President Donald Trump will recognise Jerusalem as Israel’s capital on Wednesday despite intense Arab, Muslim and European opposition to a move that would upend decades of the U.S. policy and risk potentially violent protests.
Mr. Trump will instruct the State Department to begin the multi-year process of moving the American embassy from Tel Aviv to the holy city, U.S. officials said on Tuesday. It remains unclear, however, when he might take that physical step, which is required by law but has been waived on national security grounds for more than two decades.

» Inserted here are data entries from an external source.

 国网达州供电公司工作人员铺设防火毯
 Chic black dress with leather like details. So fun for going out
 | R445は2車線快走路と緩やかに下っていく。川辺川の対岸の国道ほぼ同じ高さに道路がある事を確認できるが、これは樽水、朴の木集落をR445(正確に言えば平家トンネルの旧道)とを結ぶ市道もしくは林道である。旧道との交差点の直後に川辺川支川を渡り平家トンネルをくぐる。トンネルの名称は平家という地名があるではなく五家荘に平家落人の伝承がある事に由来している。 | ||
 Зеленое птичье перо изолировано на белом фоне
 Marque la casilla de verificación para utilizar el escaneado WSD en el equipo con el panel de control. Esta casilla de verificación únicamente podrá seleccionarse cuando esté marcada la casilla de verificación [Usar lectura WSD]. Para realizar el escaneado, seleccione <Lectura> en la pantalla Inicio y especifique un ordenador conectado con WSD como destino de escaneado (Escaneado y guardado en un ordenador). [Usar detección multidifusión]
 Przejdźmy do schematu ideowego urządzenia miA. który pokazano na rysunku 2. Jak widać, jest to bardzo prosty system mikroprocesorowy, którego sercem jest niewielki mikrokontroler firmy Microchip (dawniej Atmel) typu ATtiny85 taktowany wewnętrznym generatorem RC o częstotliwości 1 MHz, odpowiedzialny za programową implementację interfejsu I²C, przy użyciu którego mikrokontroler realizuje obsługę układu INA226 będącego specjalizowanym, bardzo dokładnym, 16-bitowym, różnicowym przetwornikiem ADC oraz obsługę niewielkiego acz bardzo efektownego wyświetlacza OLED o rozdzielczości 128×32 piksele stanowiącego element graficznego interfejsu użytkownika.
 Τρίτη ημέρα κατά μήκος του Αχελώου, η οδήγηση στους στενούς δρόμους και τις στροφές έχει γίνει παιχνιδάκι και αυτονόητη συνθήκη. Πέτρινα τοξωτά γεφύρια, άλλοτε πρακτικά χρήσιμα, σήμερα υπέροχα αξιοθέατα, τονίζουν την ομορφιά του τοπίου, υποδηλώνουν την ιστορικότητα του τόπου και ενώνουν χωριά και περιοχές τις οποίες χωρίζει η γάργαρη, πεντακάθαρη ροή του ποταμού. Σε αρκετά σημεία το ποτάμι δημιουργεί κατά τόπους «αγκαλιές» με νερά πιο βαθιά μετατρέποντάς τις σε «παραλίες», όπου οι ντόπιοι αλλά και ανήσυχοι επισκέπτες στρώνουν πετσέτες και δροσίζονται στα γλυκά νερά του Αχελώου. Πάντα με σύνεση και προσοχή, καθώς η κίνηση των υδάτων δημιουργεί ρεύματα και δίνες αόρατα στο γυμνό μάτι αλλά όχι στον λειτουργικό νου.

The officials said numerous logistical and security details, as well as site determination and construction, will need to be finalised first. Because of those issues, the embassy is not likely to move for at least three or four years, presuming there is no future change in U.S. policy.
To that end, the officials said Mr. Trump will sign a waiver delaying the embassy move, which is required by the law every six months. He will continue to sign the waiver until preparations for the embassy move are complete.
The officials said recognition of Jerusalem as Israel’s capital will be an acknowledgement of “historical and current reality” rather than a political statement. The city’s physical and political borders would not be compromised. They noted that almost all of Israel’s government agencies and parliament are in Jerusalem, rather than Tel Aviv, where the U.S. and other countries maintain embassies.
The declaration is a rhetorical volley that could have its own dangerous consequences. The U.S. had never endorsed the Jewish state’s claim of sovereignty over any part of Jerusalem and had insisted its status be resolved through Israeli-Palestinian negotiation.
The concerns are real, as Mr. Trump’s decision could be viewed as the country discarding its longstanding neutrality and siding with Israel at a time that President’s son-in-law Jared Kushner has been trying to midwife a new peace process into existence. Mr. Trump, too, has spoken of his desire for a “deal of the century” that would end Israeli-Palestinian conflict.
Jerusalem includes the holiest ground in Judaism. But it’s also home to Islam’s third-holiest shrine and major Christian sites, and forms the combustible center of the Israeli-Arab conflict. Any perceived harm to Muslim claims to the city has triggered volatile protests in the past, both in the Holy Land and across the Muslim world.
Within the Trump administration, officials on Tuesday fielded a flood of warnings from allied governments.